Japan’s Kashiwazaki-Kariwa nuclear power plant, the world’s largest by potential capacity, is set to restart next week following a suspension caused by a technical alarm, officials said Friday.
Takeyuki Inagaki, head of the TEPCO-run facility, told a press conference that the reactor is scheduled “to start up on February 9.”
The announcement follows an aborted restart on January 21, which was halted the next day after a monitoring system alarm was triggered. According to Inagaki, the alarm caused by a misconfigured setting detected minor fluctuations in electrical current in a cable, all within safe operational limits. TEPCO has since adjusted the alarm settings, confirming that the reactor is safe to operate.
Commercial operation is expected to begin on or after March 18, following a final comprehensive inspection. Only one of the plant’s seven reactors will resume operation initially.
The facility had been offline since Japan shut down its nuclear fleet in the wake of the 2011 Fukushima disaster, when a massive earthquake and tsunami led to meltdowns at three reactors in the Fukushima Daiichi plant. Kashiwazaki-Kariwa will be the first TEPCO-operated unit to restart since then. TEPCO also continues to manage the decommissioning of Fukushima Daiichi.
Japan, which lacks significant domestic energy resources, is seeking to revive nuclear power to reduce fossil fuel dependence, achieve carbon neutrality by 2050, and meet rising electricity demand driven in part by artificial intelligence technologies.

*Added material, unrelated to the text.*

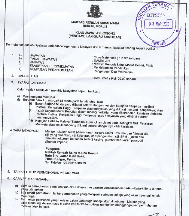 Permohonan Jawatan Kosong Maktab Rendah Sains Mara (MRSM).

Public opinion in the surrounding area remains deeply divided. A Niigata prefecture survey in September found that roughly 60 percent of residents oppose the restart, while 37 percent support it.
In January, seven local groups opposed to the restart submitted a petition signed by nearly 40,000 people to TEPCO and Japan’s Nuclear Regulation Authority, citing concerns that the plant sits on an active seismic fault and recalling a strong earthquake that struck the area in 2007.